Data in this exercise section start

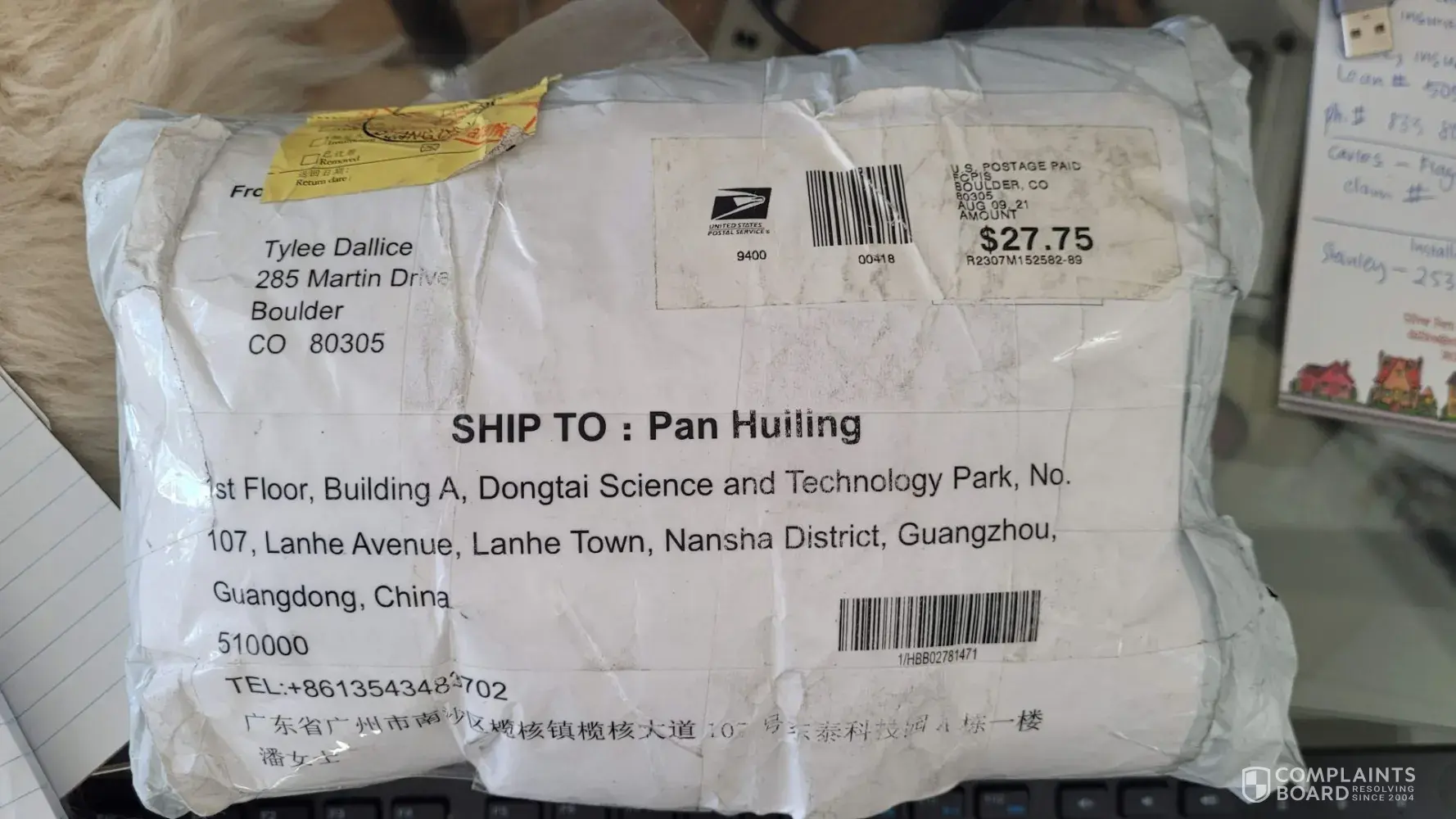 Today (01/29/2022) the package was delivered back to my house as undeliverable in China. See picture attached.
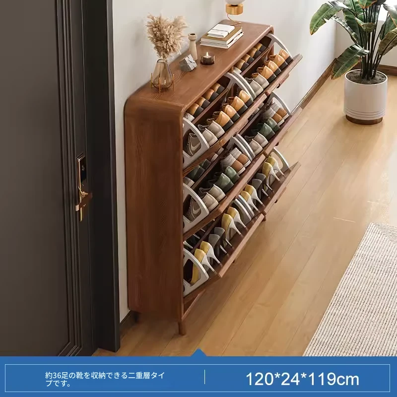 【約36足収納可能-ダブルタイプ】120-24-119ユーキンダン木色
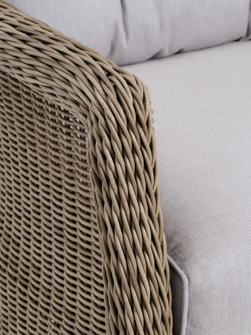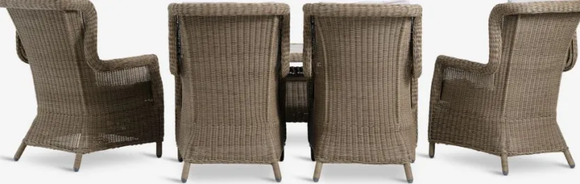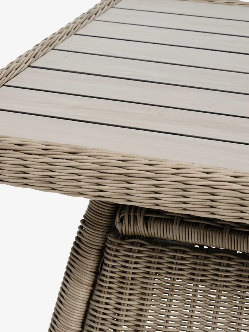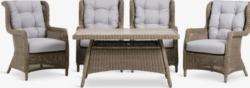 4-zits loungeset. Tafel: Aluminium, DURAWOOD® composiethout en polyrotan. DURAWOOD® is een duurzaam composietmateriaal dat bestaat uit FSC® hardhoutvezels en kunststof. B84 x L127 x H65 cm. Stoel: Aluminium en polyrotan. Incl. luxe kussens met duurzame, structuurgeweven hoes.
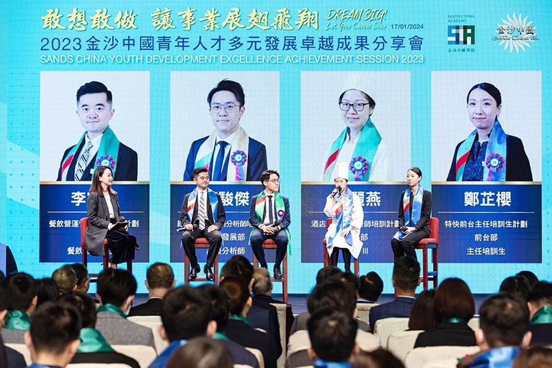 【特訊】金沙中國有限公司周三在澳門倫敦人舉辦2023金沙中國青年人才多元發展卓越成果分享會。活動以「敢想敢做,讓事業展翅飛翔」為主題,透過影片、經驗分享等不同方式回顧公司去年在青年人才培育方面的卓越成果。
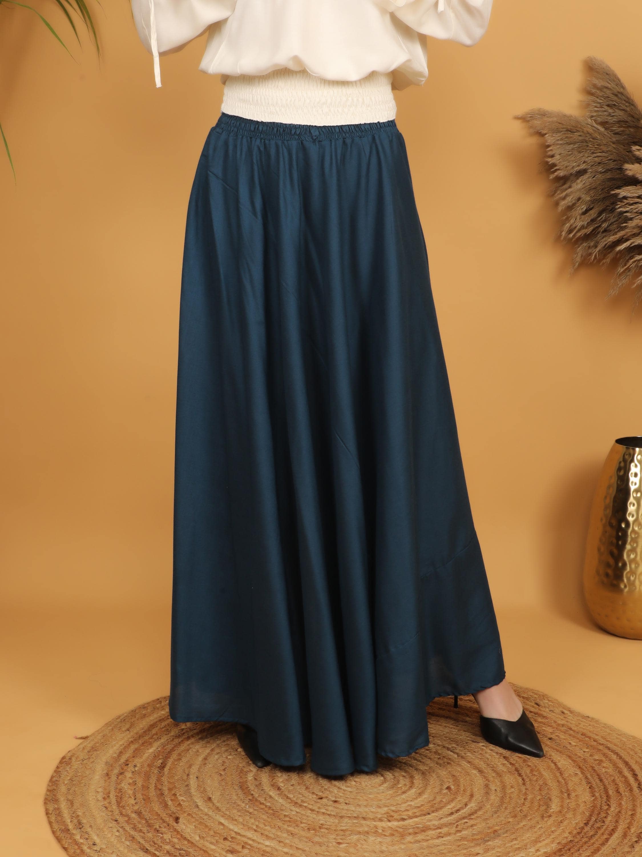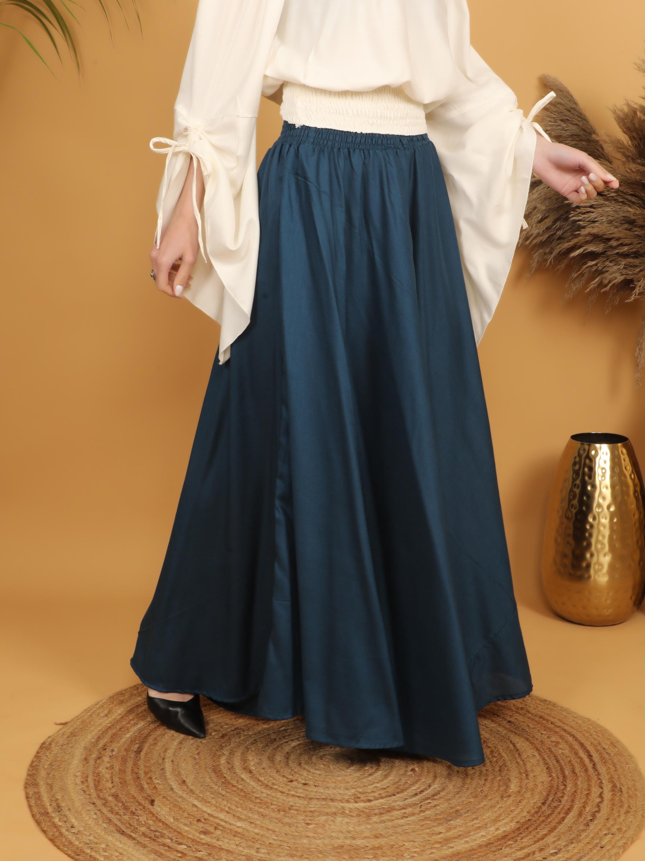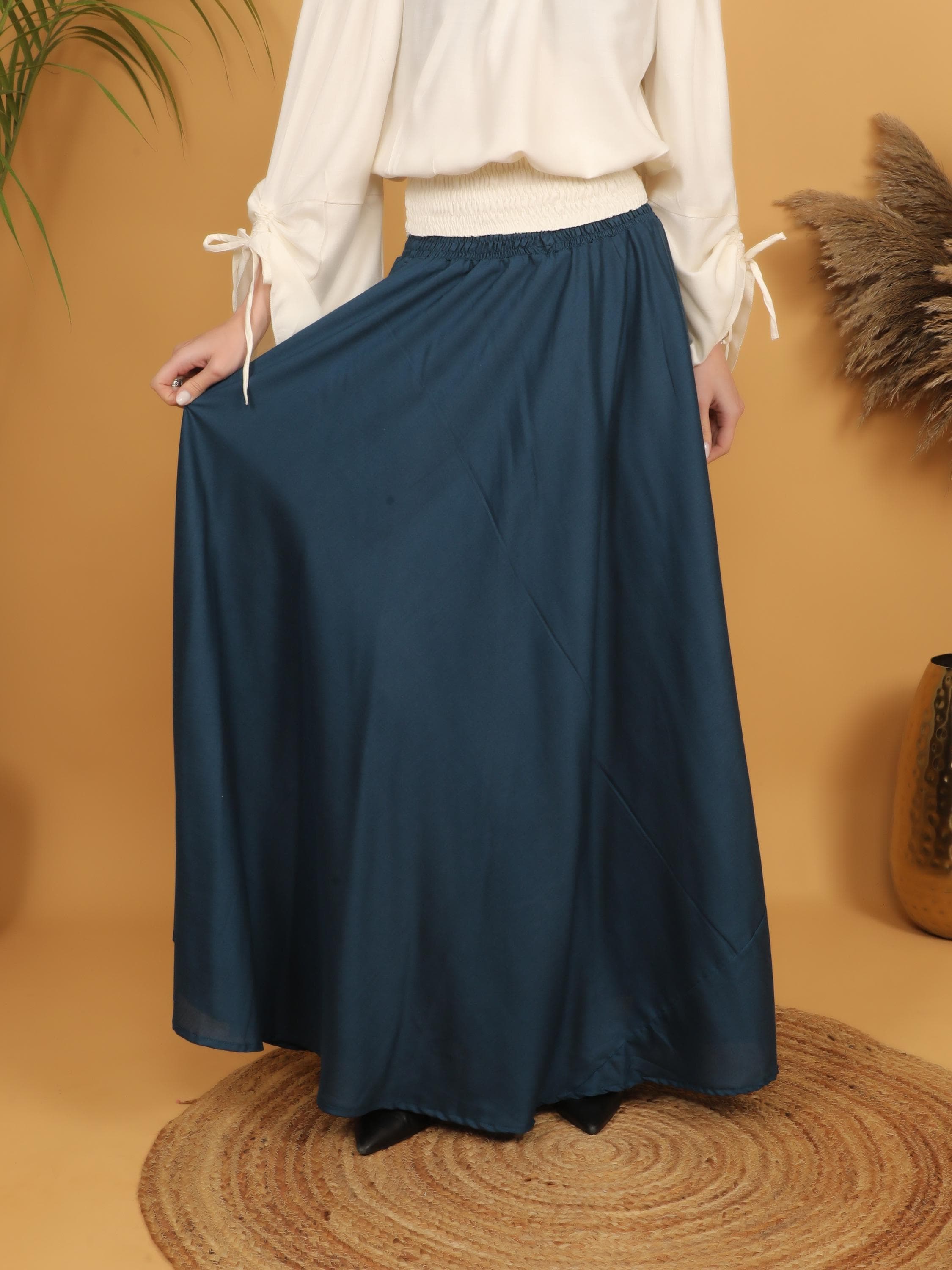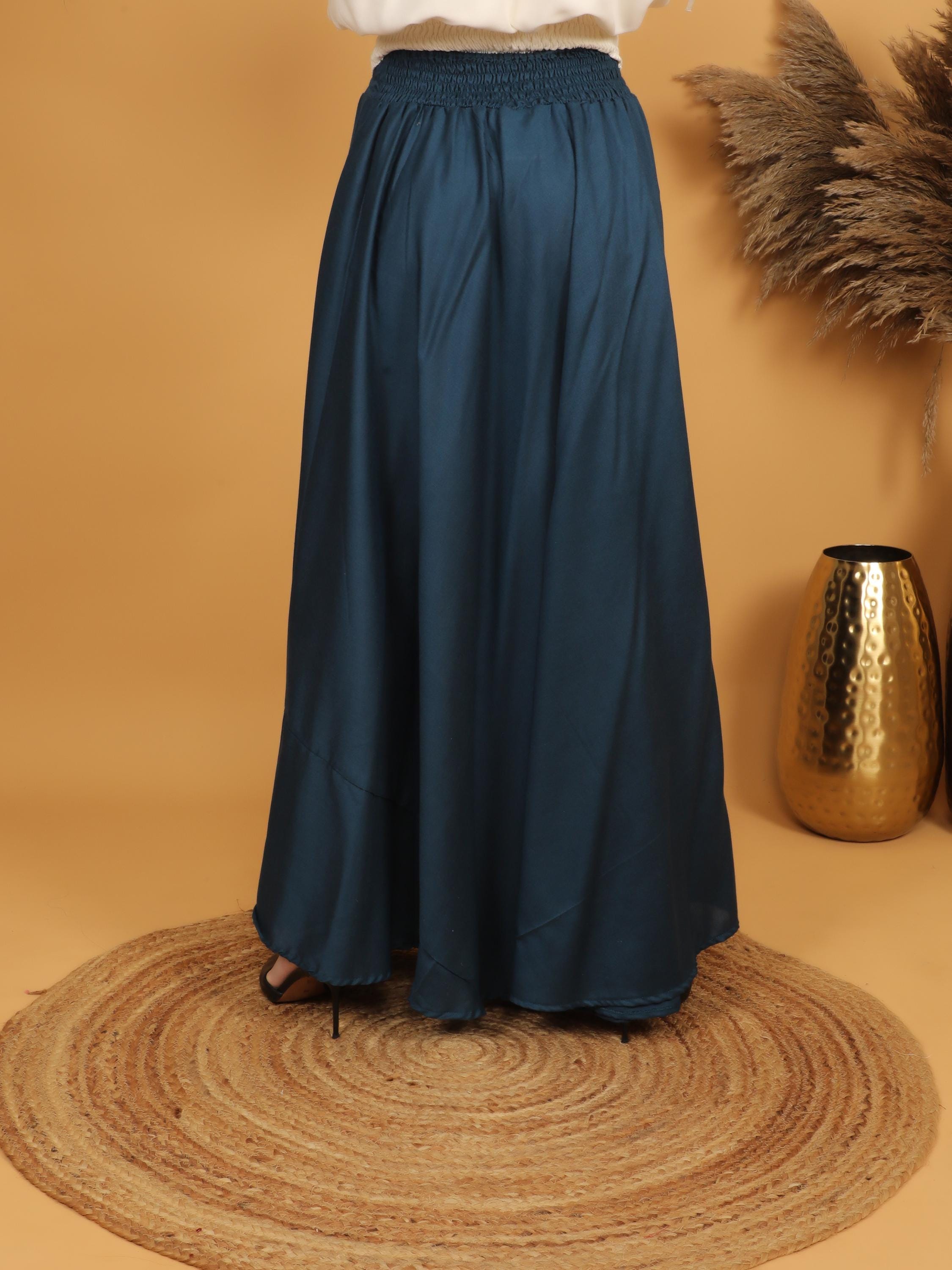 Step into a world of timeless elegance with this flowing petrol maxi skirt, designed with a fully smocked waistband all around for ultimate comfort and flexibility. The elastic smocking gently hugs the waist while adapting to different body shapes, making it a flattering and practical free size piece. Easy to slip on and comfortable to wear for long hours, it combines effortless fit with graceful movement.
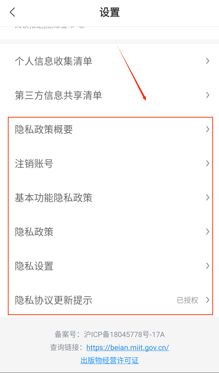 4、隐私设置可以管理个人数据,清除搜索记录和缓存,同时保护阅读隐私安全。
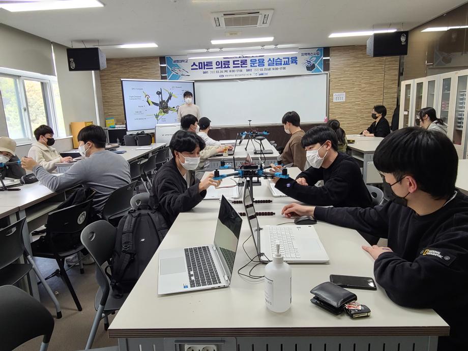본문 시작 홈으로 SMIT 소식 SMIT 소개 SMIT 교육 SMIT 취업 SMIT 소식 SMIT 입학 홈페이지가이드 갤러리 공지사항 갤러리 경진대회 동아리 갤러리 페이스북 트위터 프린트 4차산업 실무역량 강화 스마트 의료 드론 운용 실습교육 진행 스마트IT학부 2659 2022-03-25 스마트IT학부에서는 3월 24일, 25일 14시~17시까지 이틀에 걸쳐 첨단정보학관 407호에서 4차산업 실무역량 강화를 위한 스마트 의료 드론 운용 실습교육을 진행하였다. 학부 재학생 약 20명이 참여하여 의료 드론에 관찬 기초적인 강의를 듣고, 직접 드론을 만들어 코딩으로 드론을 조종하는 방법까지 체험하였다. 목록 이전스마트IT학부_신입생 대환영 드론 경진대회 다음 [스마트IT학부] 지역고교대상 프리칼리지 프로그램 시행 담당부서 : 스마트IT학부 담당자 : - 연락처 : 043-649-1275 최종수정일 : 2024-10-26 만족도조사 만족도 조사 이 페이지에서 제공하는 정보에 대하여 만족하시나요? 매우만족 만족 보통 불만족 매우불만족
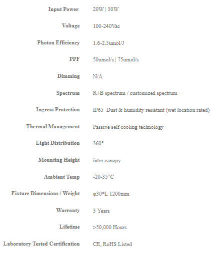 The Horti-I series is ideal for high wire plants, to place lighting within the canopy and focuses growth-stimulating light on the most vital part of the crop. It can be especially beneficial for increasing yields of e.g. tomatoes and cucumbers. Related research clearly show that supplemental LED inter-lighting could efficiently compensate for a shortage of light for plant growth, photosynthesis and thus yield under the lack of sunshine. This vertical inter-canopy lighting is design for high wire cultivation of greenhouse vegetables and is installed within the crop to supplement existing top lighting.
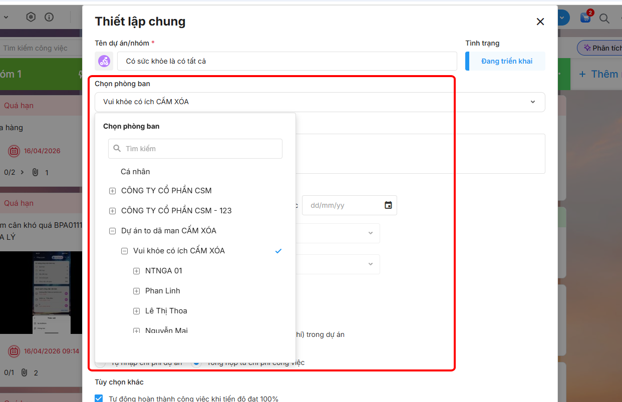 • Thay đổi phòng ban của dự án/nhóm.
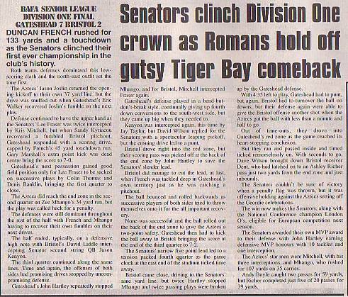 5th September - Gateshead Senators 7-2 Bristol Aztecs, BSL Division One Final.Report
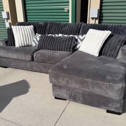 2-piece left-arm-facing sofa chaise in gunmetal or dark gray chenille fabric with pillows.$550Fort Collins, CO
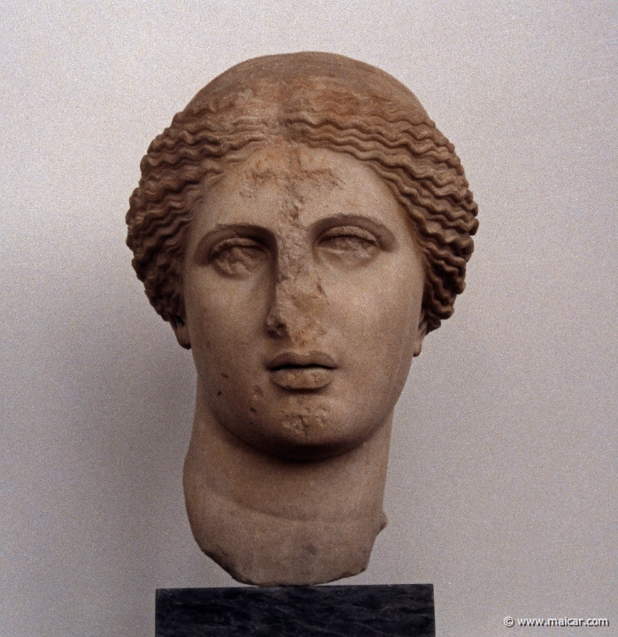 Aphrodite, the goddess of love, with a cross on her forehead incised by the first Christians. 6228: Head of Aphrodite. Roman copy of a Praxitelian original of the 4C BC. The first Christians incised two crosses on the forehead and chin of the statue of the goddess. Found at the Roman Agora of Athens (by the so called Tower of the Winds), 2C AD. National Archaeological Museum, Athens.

Data in this exercise section end

> **Task goal**
Output exactly, and only, the lines running from the line containing "5th September - Gateshead" to the last line of the entries above, omitting the pictures.

> **Solution to this task**
 5th September - Gateshead Senators 7-2 Bristol Aztecs, BSL Division One Final.Report
 2-piece left-arm-facing sofa chaise in gunmetal or dark gray chenille fabric with pillows.$550Fort Collins, CO
 Aphrodite, the goddess of love, with a cross on her forehead incised by the first Christians. 6228: Head of Aphrodite. Roman copy of a Praxitelian original of the 4C BC. The first Christians incised two crosses on the forehead and chin of the statue of the goddess. Found at the Roman Agora of Athens (by the so called Tower of the Winds), 2C AD. National Archaeological Museum, Athens.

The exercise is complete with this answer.